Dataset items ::
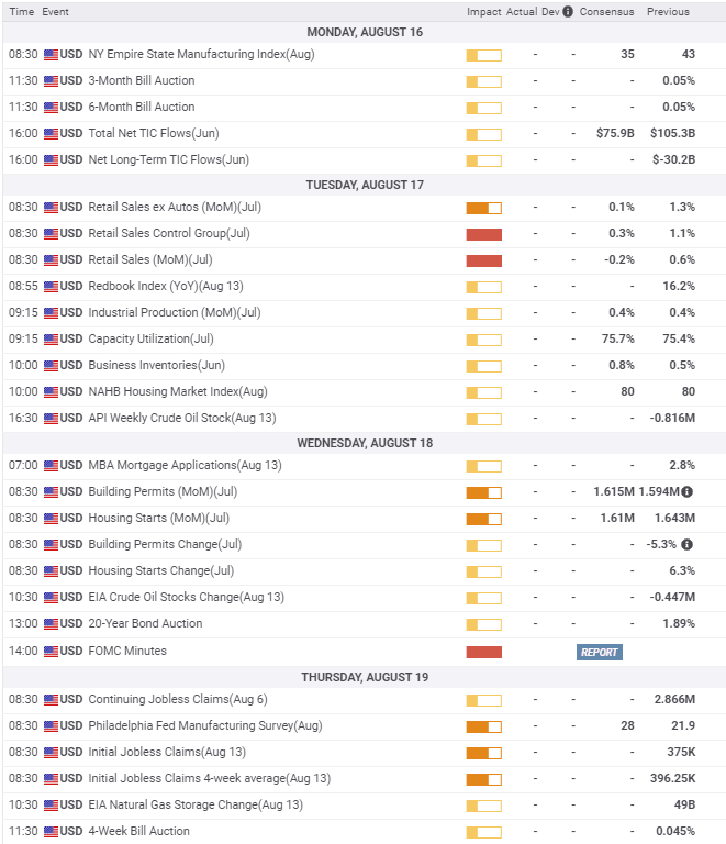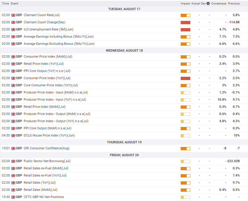 The UK has a busy week on tap with unemployment for June and inflation and Retail Sales figures for July.
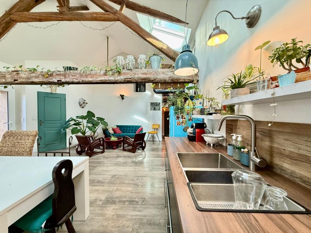 Derrière sa façade discrète se cache un lieu de vie totalement inattendu, développant 184,63 m² habitables répartis sur plusieurs niveaux, dans un esprit loft mêlant authenticité et rénovation contemporaine.
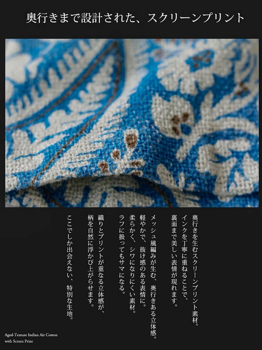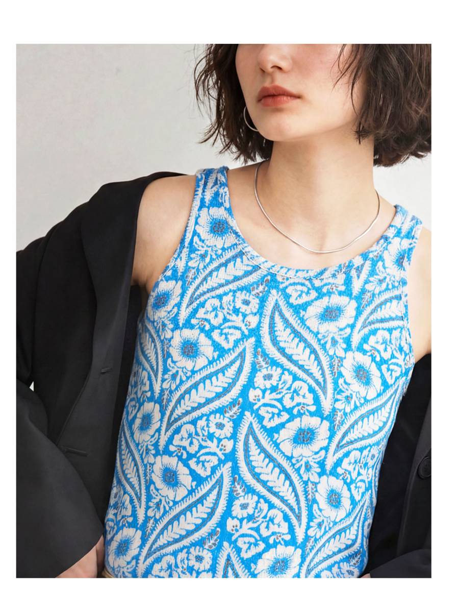 メッシュ風の編み生地にスクリーンプリントを重ねた、奥行きある表情が魅力のタンクトップです。
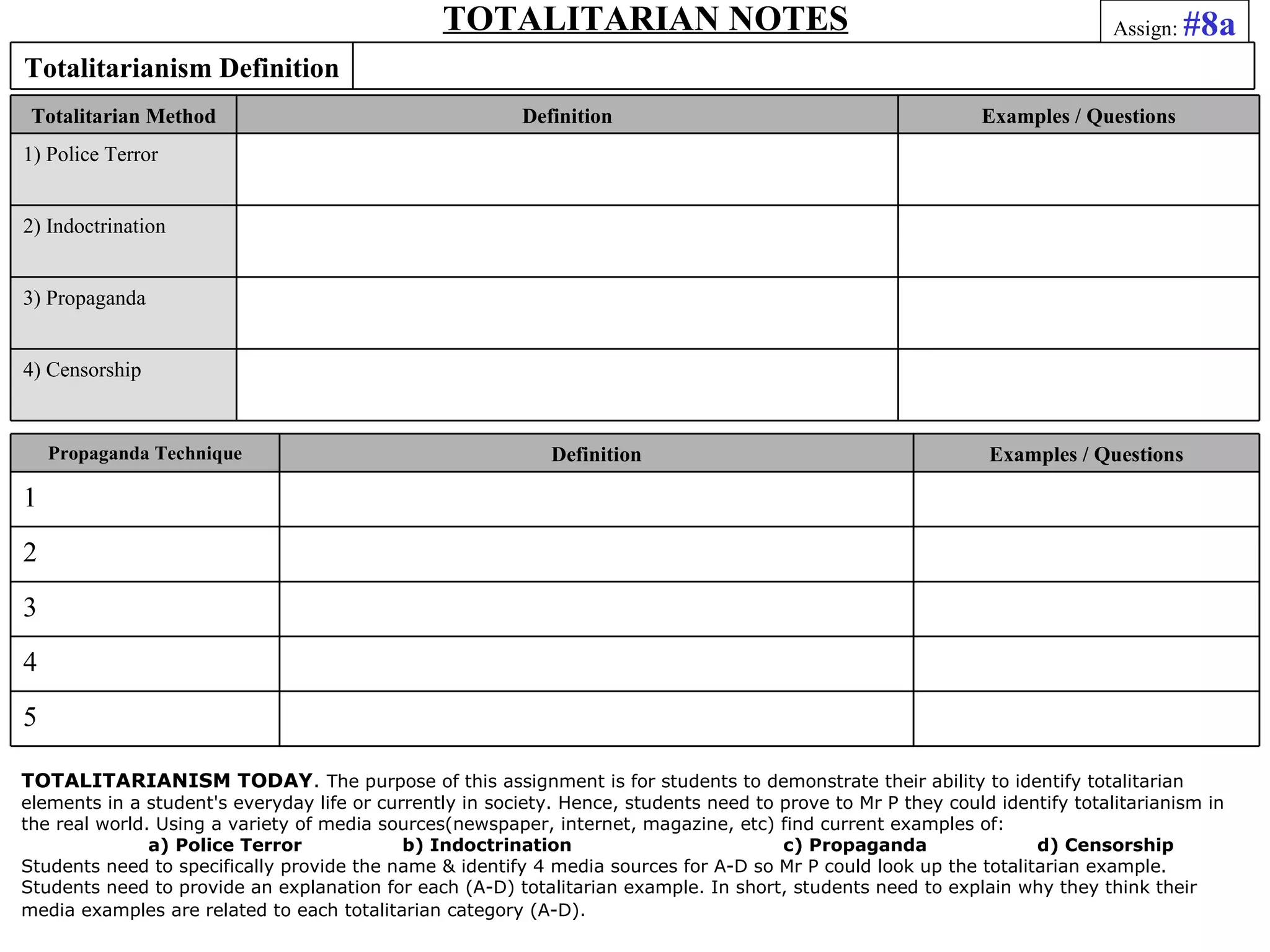 The document outlines an assignment focused on identifying totalitarian elements in everyday life, requiring students to explore concepts like police terror, indoctrination, propaganda, and censorship through various media sources. Students are tasked with presenting current examples and explanations for each category, demonstrating how these elements are visible in modern society. Additionally, the document defines various propaganda techniques such as bandwagon, name calling, faulty cause and effect, generalization, and mass distraction.
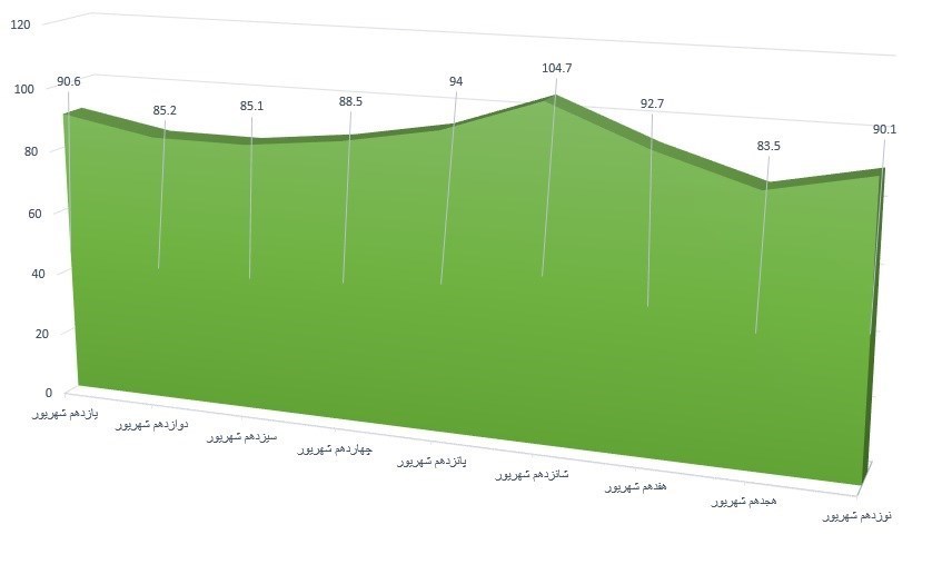 در نمودار زیر، میزان مصرف بنزین در روزهای اخیر نشان داده شده است.
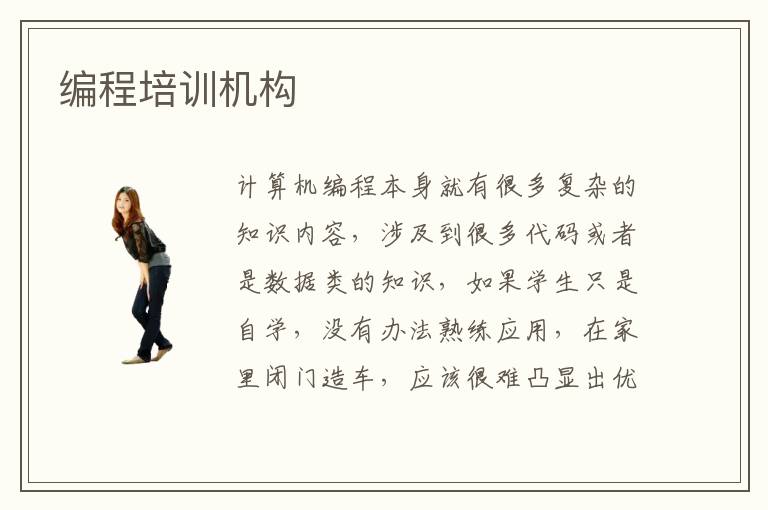计算机编程本身就有很多复杂的知识内容,涉及到很多代码或者是数据类的知识,如果学生只是自学,没有办法熟练应用,在家里闭门造车,应该很难凸显出优势和成绩。为了改善学习成果,努力提高应用的水准,首先要有详细规划,明确学习目标和方向,而且应该一步一个脚印,针对薄弱环节,进行恰当的弥补。要是仍然觉得学习效率低,可以考虑编程培训机构,突破空间更大,改善效果更好。编程培训机构就业难度不会太高,虽然部分学生才刚刚开始接触计算机编程,但老师会将很多细致的工作技能传授给学生,然后及时巩固,毕业后会有很好的提升效果。编程培训机构远程辅导不受空间地域与时间的限制,大家可以在家里学习,效率比较高,课程也非常完善,所以大家可以找到很多重要的内容。
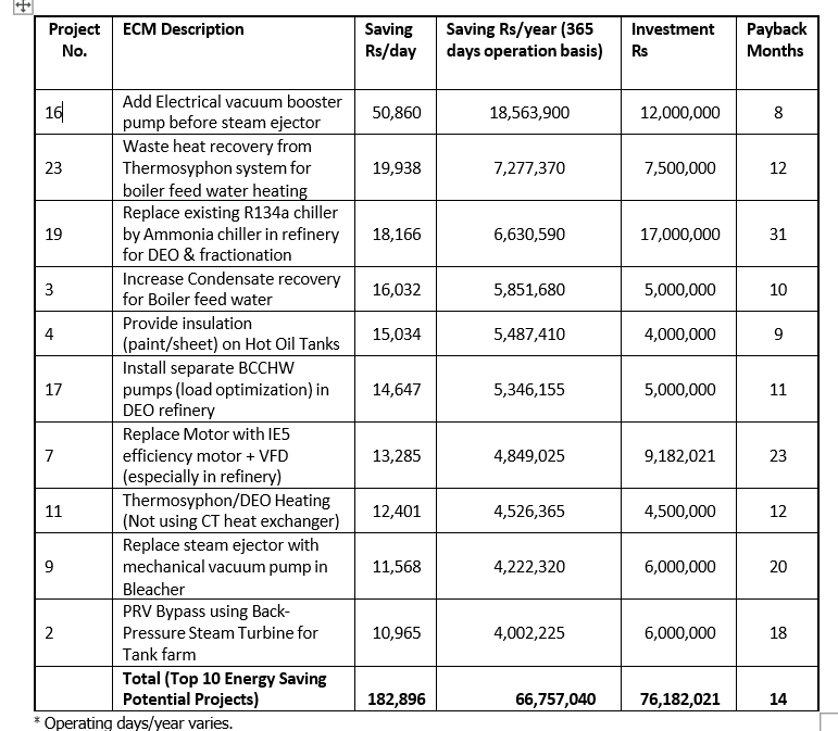 The audit identified 35+ energy conservation opportunities, delivering a total savings potential exceeding ₹9 crore per year, with an average payback period of approximately 12 months.
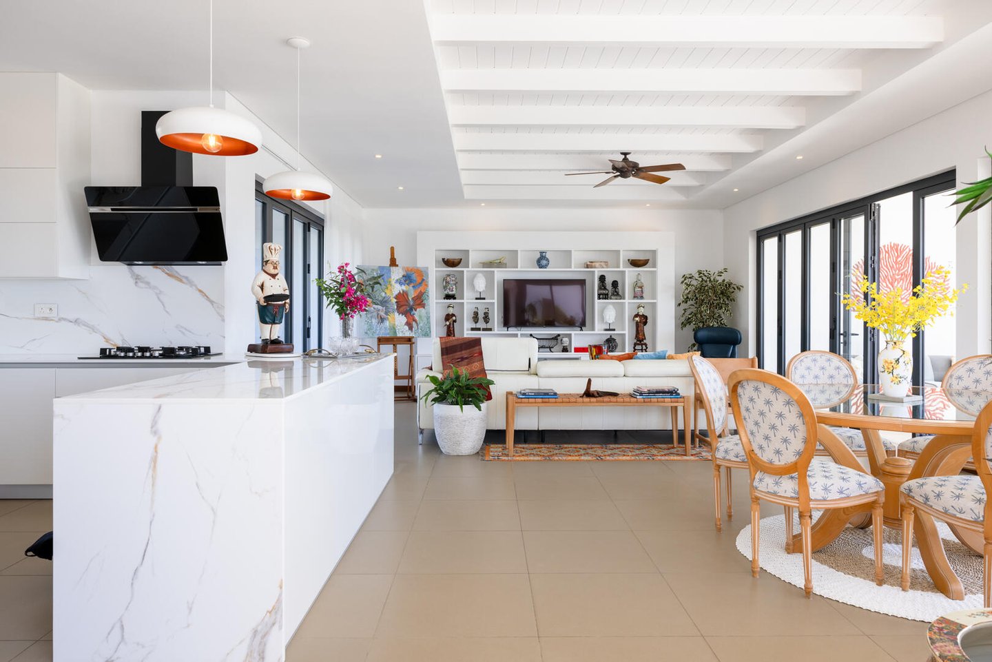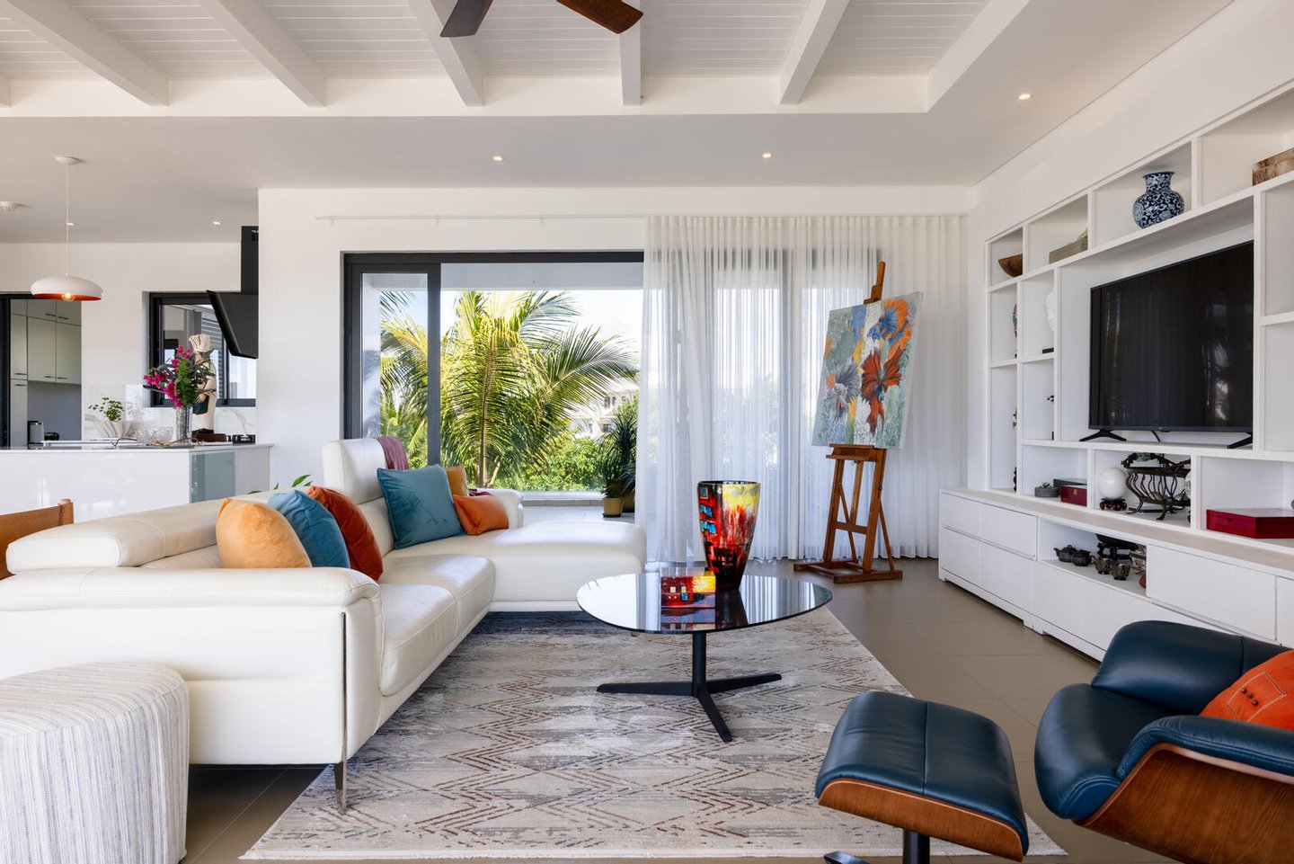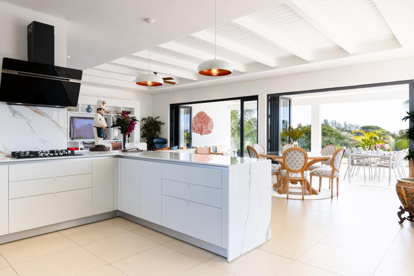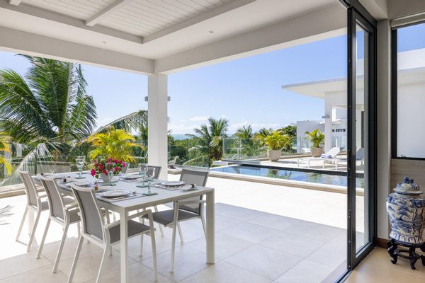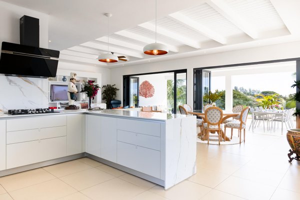 Perfekt positioniert für Privatsphäre und Ruhe, ist dieses Haus der Traum eines jeden Entertainers. Eine neue, offene Küche im Scavolini-Design integriert sich nahtlos in den Ess- und Wohnbereich, der alle leicht entweder auf einen charmanten hinteren Innenhof oder die weitläufige vordere Terrasse übergeht. Egal, ob Sie einen Sundowner-Abend veranstalten oder einen ruhigen Morgenkaffee genießen, die tropische Umgebung bietet die perfekte Kulisse.
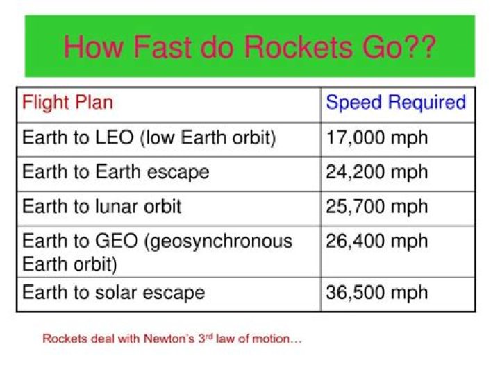 How fast can conventional rockets go? Flight Plan speed required Earth to LEO (low Earth orbit) 17,000 mph Earth to Earth escape 24,200 mph Earth to lunar orbit 25,700 mph Earth to GEO (geosynchronous Earth orbit) 26,400 mph.
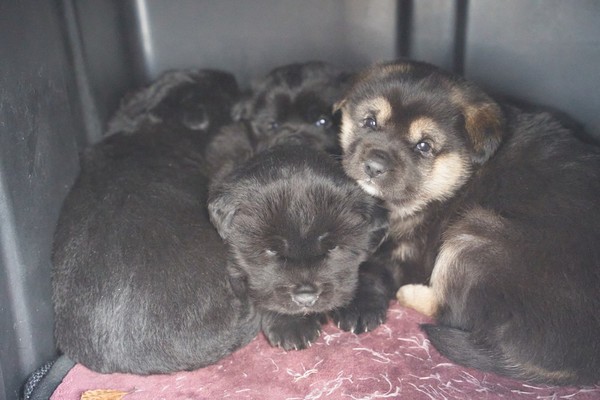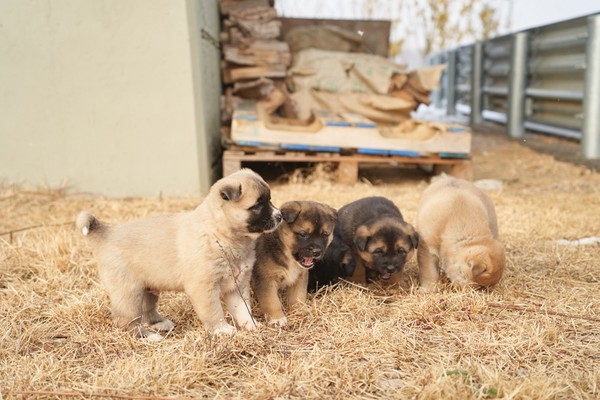 또 다른 강아지 가족들은 어미부터 새끼들까지 온통 깜장이들이다. 뚱한 표정을 짓고 추운 날씨에 형제들과 옹기종기 모여서 낮잠을 즐기고 있다. 깜장이 4마리의 엄마개는 산단 내 다른 업체에서 키우던 강아지로 추정된다. 드문드문 놀러오더니 살만했는지 아예 자리를 잡고는 새끼까지 낳았다. “아빠개로 추측하는 요주의 수컷들이 있기는 한데, 새끼들 털색보고 짐작할 뿐 아무도 몰라요.”

Exercise instructions :: Your copy should repeat each entry above exactly but contain no pictures.

Your solution ::
 The UK has a busy week on tap with unemployment for June and inflation and Retail Sales figures for July.
 Derrière sa façade discrète se cache un lieu de vie totalement inattendu, développant 184,63 m² habitables répartis sur plusieurs niveaux, dans un esprit loft mêlant authenticité et rénovation contemporaine.
 メッシュ風の編み生地にスクリーンプリントを重ねた、奥行きある表情が魅力のタンクトップです。
 The document outlines an assignment focused on identifying totalitarian elements in everyday life, requiring students to explore concepts like police terror, indoctrination, propaganda, and censorship through various media sources. Students are tasked with presenting current examples and explanations for each category, demonstrating how these elements are visible in modern society. Additionally, the document defines various propaganda techniques such as bandwagon, name calling, faulty cause and effect, generalization, and mass distraction.
 در نمودار زیر، میزان مصرف بنزین در روزهای اخیر نشان داده شده است.
计算机编程本身就有很多复杂的知识内容,涉及到很多代码或者是数据类的知识,如果学生只是自学,没有办法熟练应用,在家里闭门造车,应该很难凸显出优势和成绩。为了改善学习成果,努力提高应用的水准,首先要有详细规划,明确学习目标和方向,而且应该一步一个脚印,针对薄弱环节,进行恰当的弥补。要是仍然觉得学习效率低,可以考虑编程培训机构,突破空间更大,改善效果更好。编程培训机构就业难度不会太高,虽然部分学生才刚刚开始接触计算机编程,但老师会将很多细致的工作技能传授给学生,然后及时巩固,毕业后会有很好的提升效果。编程培训机构远程辅导不受空间地域与时间的限制,大家可以在家里学习,效率比较高,课程也非常完善,所以大家可以找到很多重要的内容。
 The audit identified 35+ energy conservation opportunities, delivering a total savings potential exceeding ₹9 crore per year, with an average payback period of approximately 12 months.
 Perfekt positioniert für Privatsphäre und Ruhe, ist dieses Haus der Traum eines jeden Entertainers. Eine neue, offene Küche im Scavolini-Design integriert sich nahtlos in den Ess- und Wohnbereich, der alle leicht entweder auf einen charmanten hinteren Innenhof oder die weitläufige vordere Terrasse übergeht. Egal, ob Sie einen Sundowner-Abend veranstalten oder einen ruhigen Morgenkaffee genießen, die tropische Umgebung bietet die perfekte Kulisse.
 How fast can conventional rockets go? Flight Plan speed required Earth to LEO (low Earth orbit) 17,000 mph Earth to Earth escape 24,200 mph Earth to lunar orbit 25,700 mph Earth to GEO (geosynchronous Earth orbit) 26,400 mph.
 또 다른 강아지 가족들은 어미부터 새끼들까지 온통 깜장이들이다. 뚱한 표정을 짓고 추운 날씨에 형제들과 옹기종기 모여서 낮잠을 즐기고 있다. 깜장이 4마리의 엄마개는 산단 내 다른 업체에서 키우던 강아지로 추정된다. 드문드문 놀러오더니 살만했는지 아예 자리를 잡고는 새끼까지 낳았다. “아빠개로 추측하는 요주의 수컷들이 있기는 한데, 새끼들 털색보고 짐작할 뿐 아무도 몰라요.”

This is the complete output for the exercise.